## Exercise aim
Among the records that follow, find the line with "На 29-й же минуте" and the line with "欧米人風あだ名 | 『ダレノガレくろせたいし』 |". Set down those lines and all lines between them exactly, without adding anything.

## Exercise materials
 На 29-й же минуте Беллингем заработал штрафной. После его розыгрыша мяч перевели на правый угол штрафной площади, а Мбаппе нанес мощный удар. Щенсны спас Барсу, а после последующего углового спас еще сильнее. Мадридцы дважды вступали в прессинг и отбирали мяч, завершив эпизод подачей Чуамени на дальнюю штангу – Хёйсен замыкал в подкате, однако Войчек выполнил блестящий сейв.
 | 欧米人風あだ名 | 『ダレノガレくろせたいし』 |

--

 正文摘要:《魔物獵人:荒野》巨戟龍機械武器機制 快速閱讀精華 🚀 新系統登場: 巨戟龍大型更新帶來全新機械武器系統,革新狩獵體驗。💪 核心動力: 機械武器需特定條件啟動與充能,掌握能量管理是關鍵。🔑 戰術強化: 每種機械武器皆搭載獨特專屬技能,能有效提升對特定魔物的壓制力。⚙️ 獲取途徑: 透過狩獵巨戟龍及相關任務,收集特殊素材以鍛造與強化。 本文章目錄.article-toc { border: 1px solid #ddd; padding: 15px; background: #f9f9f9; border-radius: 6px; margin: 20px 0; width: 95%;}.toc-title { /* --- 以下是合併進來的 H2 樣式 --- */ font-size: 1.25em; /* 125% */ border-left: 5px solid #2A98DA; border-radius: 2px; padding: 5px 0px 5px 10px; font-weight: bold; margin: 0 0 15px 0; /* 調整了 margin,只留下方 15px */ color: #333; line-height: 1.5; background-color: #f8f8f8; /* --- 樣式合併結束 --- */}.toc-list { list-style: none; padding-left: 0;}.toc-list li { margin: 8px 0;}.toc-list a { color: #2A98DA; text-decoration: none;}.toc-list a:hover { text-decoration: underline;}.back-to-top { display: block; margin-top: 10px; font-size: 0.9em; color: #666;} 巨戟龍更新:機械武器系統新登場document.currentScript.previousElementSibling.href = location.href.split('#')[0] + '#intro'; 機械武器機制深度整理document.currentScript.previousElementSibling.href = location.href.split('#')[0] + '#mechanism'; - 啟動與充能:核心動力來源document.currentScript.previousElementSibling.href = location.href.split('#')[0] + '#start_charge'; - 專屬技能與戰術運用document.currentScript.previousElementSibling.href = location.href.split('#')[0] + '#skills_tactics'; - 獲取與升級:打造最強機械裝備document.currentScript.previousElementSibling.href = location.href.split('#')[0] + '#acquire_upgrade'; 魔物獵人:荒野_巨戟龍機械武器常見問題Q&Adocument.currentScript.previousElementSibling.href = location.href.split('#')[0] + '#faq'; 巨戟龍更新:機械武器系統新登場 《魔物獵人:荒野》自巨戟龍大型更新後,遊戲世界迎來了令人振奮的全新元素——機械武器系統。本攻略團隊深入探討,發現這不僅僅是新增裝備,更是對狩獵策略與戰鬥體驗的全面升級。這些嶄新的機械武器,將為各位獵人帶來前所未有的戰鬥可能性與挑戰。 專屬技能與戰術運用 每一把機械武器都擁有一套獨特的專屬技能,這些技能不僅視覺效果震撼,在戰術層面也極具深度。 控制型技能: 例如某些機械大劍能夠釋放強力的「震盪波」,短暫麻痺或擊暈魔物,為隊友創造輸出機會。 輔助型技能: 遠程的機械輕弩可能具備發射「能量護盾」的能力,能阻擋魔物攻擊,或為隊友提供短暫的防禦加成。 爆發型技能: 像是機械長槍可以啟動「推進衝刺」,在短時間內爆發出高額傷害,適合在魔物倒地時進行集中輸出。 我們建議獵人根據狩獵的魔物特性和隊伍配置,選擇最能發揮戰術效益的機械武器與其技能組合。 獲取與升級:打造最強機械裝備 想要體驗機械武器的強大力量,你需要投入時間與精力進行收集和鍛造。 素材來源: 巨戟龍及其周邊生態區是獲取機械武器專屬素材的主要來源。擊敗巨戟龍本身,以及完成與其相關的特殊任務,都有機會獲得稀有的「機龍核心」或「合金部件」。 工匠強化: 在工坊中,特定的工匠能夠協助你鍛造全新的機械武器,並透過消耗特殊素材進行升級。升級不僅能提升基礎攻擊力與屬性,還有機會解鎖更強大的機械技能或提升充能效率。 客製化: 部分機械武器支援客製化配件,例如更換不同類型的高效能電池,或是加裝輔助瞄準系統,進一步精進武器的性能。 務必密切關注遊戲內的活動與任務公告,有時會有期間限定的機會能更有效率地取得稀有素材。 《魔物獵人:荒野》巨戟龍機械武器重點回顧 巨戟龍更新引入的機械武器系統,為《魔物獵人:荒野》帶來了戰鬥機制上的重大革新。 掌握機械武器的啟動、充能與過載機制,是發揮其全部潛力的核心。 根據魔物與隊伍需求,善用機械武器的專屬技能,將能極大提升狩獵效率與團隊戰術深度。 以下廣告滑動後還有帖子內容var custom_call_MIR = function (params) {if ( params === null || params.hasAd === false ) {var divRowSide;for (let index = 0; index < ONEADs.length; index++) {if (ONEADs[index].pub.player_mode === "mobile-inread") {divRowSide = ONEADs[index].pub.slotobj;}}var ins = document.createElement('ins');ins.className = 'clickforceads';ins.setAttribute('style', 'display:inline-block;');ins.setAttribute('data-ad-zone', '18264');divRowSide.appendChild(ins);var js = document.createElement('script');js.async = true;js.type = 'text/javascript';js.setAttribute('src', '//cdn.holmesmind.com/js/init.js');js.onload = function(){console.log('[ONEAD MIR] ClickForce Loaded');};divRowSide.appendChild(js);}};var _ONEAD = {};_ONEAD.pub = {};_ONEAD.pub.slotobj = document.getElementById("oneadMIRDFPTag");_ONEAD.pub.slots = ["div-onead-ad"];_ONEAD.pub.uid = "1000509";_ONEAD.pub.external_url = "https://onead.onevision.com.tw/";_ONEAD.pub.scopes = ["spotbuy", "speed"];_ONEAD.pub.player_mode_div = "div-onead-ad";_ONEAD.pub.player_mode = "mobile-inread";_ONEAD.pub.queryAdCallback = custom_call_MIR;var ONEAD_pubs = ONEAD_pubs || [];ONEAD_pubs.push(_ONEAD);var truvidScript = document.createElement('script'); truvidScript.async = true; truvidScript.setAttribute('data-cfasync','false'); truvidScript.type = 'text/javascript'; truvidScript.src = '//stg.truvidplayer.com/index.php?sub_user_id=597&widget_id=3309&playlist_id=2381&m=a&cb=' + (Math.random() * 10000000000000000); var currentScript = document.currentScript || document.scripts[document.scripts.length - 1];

...

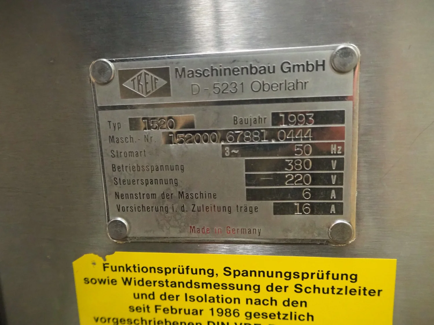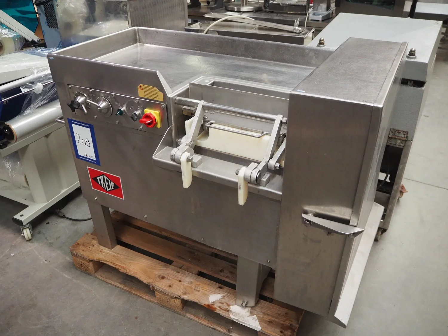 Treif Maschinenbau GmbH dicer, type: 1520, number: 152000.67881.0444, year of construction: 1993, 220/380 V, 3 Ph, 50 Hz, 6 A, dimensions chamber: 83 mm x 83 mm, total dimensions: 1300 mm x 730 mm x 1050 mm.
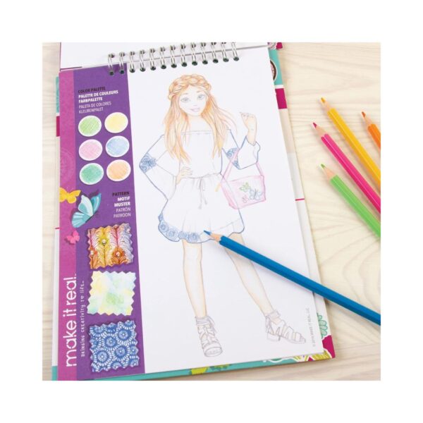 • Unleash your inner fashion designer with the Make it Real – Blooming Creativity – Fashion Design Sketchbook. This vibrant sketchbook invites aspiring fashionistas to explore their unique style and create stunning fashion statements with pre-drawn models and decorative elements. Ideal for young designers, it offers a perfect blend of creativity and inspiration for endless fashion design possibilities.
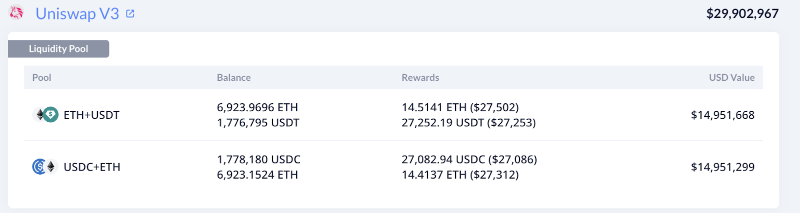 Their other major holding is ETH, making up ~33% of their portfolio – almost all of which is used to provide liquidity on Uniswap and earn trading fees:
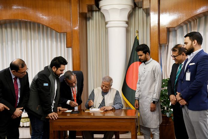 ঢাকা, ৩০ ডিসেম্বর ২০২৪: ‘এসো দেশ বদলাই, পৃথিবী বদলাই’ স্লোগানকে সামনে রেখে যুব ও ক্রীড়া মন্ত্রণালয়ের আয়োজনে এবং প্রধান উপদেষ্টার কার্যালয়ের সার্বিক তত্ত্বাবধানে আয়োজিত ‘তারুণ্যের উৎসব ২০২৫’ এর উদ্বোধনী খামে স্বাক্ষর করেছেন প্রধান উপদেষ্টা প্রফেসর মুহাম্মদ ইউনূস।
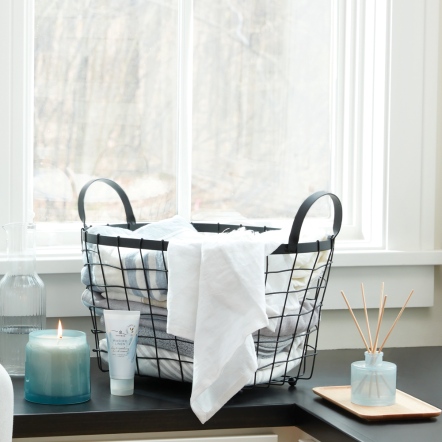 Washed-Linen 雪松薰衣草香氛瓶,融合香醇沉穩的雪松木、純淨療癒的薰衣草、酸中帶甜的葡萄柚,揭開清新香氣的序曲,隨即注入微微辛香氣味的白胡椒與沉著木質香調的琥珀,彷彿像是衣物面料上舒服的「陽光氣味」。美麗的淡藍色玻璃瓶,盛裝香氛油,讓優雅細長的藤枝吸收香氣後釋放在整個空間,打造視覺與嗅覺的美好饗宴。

## Result for this task
 На 29-й же минуте Беллингем заработал штрафной. После его розыгрыша мяч перевели на правый угол штрафной площади, а Мбаппе нанес мощный удар. Щенсны спас Барсу, а после последующего углового спас еще сильнее. Мадридцы дважды вступали в прессинг и отбирали мяч, завершив эпизод подачей Чуамени на дальнюю штангу – Хёйсен замыкал в подкате, однако Войчек выполнил блестящий сейв.
 | 欧米人風あだ名 | 『ダレノガレくろせたいし』 |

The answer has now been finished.